Start of Records supplied
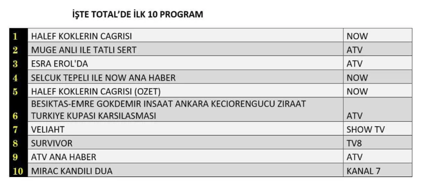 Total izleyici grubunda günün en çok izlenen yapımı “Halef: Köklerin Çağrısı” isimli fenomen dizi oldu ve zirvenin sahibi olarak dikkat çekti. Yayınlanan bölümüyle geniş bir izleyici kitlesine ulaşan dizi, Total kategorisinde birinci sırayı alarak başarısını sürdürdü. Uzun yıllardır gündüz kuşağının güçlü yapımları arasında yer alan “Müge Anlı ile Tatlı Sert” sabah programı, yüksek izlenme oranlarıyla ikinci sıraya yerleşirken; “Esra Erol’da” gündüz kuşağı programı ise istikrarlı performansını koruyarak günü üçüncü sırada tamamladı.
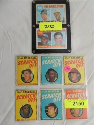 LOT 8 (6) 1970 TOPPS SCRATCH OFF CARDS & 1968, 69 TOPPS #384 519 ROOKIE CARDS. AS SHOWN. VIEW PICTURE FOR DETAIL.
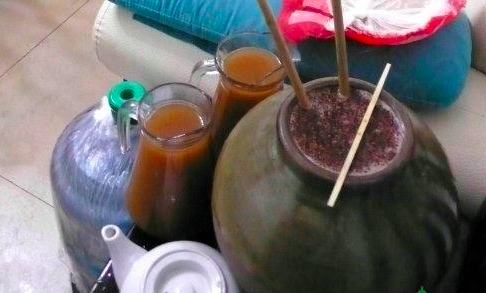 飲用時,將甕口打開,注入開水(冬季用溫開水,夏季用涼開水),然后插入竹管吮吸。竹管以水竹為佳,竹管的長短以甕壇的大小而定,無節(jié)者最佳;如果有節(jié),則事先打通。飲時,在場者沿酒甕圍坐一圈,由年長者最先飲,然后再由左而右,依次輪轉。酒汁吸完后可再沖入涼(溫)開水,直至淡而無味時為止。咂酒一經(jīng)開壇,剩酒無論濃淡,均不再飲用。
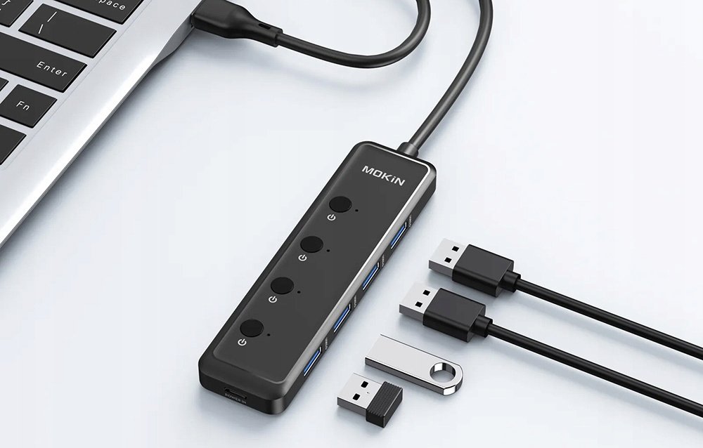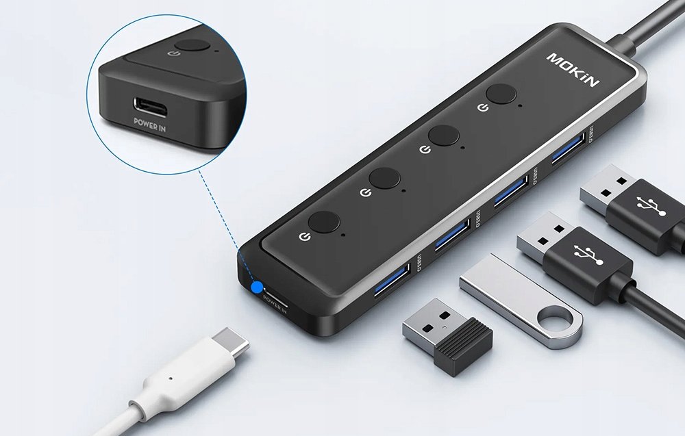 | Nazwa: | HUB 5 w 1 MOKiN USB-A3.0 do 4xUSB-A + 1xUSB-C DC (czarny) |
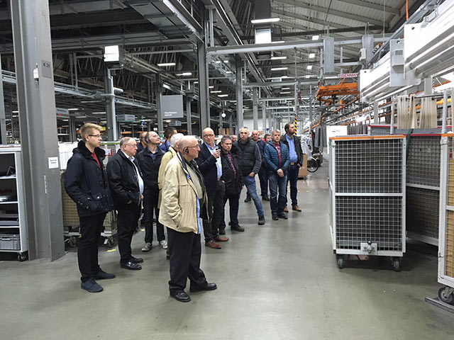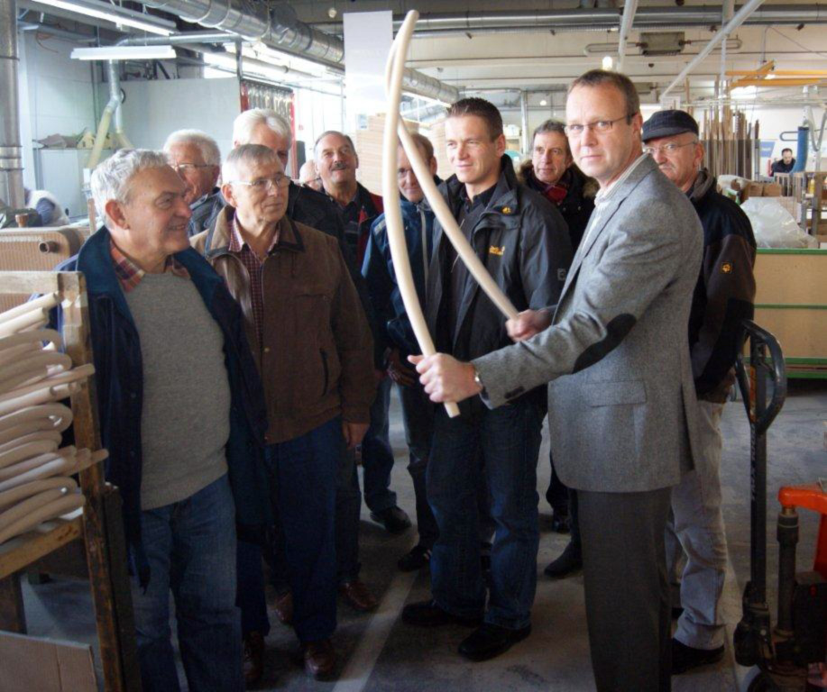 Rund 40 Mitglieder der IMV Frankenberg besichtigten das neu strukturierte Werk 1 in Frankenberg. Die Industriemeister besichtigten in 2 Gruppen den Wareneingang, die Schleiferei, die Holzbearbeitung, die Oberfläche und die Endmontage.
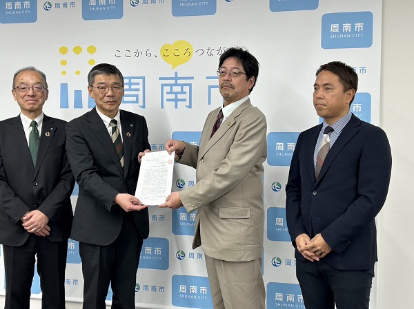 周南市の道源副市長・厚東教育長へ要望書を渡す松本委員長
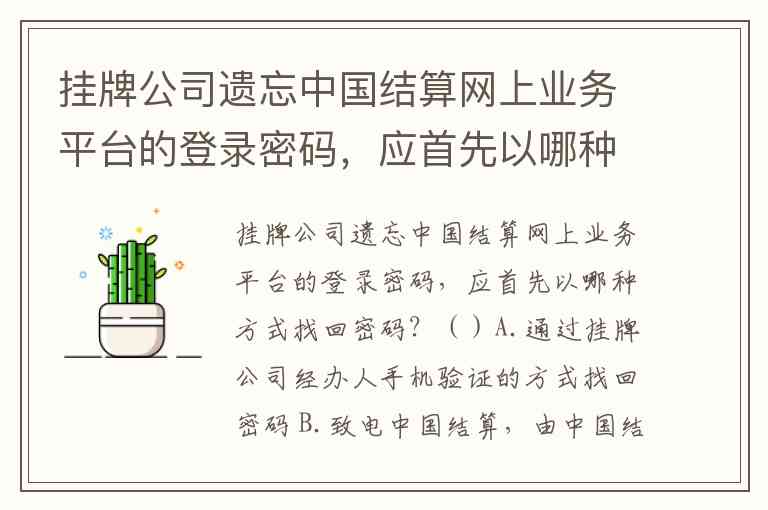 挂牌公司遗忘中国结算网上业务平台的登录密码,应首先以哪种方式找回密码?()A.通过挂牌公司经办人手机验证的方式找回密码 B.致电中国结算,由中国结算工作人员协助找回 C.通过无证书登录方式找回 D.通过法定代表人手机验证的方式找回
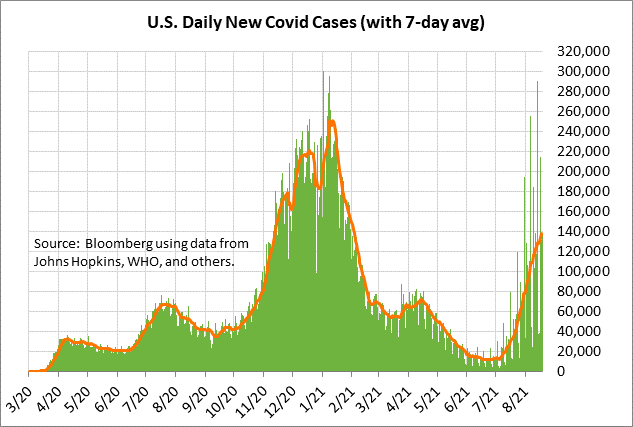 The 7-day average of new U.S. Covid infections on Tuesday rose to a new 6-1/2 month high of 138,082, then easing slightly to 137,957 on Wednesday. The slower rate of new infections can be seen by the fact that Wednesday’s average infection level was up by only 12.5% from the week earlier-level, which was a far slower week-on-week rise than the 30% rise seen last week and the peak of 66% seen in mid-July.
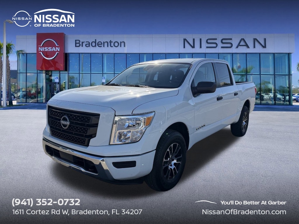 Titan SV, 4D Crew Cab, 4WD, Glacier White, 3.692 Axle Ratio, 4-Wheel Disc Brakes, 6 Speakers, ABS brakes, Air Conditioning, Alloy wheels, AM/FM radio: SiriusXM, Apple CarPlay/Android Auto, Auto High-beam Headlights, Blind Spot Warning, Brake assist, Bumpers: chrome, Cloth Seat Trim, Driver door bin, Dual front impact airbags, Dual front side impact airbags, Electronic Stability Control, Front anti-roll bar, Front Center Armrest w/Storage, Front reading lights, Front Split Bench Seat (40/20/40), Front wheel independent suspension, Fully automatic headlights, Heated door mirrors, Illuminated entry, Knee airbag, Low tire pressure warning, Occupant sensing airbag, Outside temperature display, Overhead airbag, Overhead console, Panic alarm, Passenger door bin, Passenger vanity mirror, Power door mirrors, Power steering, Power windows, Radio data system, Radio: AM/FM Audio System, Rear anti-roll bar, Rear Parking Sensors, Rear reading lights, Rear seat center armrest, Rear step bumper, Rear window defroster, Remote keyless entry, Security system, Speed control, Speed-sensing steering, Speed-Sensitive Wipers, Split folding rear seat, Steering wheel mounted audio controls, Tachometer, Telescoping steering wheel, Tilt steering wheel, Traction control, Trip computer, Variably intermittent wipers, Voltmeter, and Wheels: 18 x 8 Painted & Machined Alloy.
End of Records supplied
Start of Records supplied
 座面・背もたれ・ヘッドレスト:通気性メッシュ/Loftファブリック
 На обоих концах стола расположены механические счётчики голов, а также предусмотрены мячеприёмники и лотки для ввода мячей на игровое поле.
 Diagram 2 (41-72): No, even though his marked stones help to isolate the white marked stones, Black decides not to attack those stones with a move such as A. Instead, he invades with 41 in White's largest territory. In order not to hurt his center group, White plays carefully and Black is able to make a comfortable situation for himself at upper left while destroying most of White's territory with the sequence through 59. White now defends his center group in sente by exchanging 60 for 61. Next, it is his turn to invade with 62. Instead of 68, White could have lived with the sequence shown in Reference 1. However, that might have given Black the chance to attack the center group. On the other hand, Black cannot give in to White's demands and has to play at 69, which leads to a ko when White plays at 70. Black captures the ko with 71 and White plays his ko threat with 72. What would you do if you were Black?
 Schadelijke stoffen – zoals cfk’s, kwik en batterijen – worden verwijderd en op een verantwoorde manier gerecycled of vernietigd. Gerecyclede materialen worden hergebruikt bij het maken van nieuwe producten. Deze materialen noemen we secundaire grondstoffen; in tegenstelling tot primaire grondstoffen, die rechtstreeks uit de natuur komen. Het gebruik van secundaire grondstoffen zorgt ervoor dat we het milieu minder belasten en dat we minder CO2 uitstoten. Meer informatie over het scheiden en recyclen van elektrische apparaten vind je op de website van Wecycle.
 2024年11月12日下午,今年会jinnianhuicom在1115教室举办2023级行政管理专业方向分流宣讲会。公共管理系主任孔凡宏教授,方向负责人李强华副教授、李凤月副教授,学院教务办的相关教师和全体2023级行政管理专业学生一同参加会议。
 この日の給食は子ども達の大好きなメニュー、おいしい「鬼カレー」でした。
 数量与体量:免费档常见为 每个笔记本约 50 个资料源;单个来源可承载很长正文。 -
End of Records supplied
Among the entries above, take the lines from the one with "Total izleyici grubunda" through the one with "The 7-day average" and retype them exactly, leaving out the pictures.

 Total izleyici grubunda günün en çok izlenen yapımı “Halef: Köklerin Çağrısı” isimli fenomen dizi oldu ve zirvenin sahibi olarak dikkat çekti. Yayınlanan bölümüyle geniş bir izleyici kitlesine ulaşan dizi, Total kategorisinde birinci sırayı alarak başarısını sürdürdü. Uzun yıllardır gündüz kuşağının güçlü yapımları arasında yer alan “Müge Anlı ile Tatlı Sert” sabah programı, yüksek izlenme oranlarıyla ikinci sıraya yerleşirken; “Esra Erol’da” gündüz kuşağı programı ise istikrarlı performansını koruyarak günü üçüncü sırada tamamladı.
 LOT 8 (6) 1970 TOPPS SCRATCH OFF CARDS & 1968, 69 TOPPS #384 519 ROOKIE CARDS. AS SHOWN. VIEW PICTURE FOR DETAIL.
 飲用時,將甕口打開,注入開水(冬季用溫開水,夏季用涼開水),然后插入竹管吮吸。竹管以水竹為佳,竹管的長短以甕壇的大小而定,無節(jié)者最佳;如果有節(jié),則事先打通。飲時,在場者沿酒甕圍坐一圈,由年長者最先飲,然后再由左而右,依次輪轉。酒汁吸完后可再沖入涼(溫)開水,直至淡而無味時為止。咂酒一經(jīng)開壇,剩酒無論濃淡,均不再飲用。
 | Nazwa: | HUB 5 w 1 MOKiN USB-A3.0 do 4xUSB-A + 1xUSB-C DC (czarny) |
 Rund 40 Mitglieder der IMV Frankenberg besichtigten das neu strukturierte Werk 1 in Frankenberg. Die Industriemeister besichtigten in 2 Gruppen den Wareneingang, die Schleiferei, die Holzbearbeitung, die Oberfläche und die Endmontage.
 周南市の道源副市長・厚東教育長へ要望書を渡す松本委員長
 挂牌公司遗忘中国结算网上业务平台的登录密码,应首先以哪种方式找回密码?()A.通过挂牌公司经办人手机验证的方式找回密码 B.致电中国结算,由中国结算工作人员协助找回 C.通过无证书登录方式找回 D.通过法定代表人手机验证的方式找回
 The 7-day average of new U.S. Covid infections on Tuesday rose to a new 6-1/2 month high of 138,082, then easing slightly to 137,957 on Wednesday. The slower rate of new infections can be seen by the fact that Wednesday’s average infection level was up by only 12.5% from the week earlier-level, which was a far slower week-on-week rise than the 30% rise seen last week and the peak of 66% seen in mid-July.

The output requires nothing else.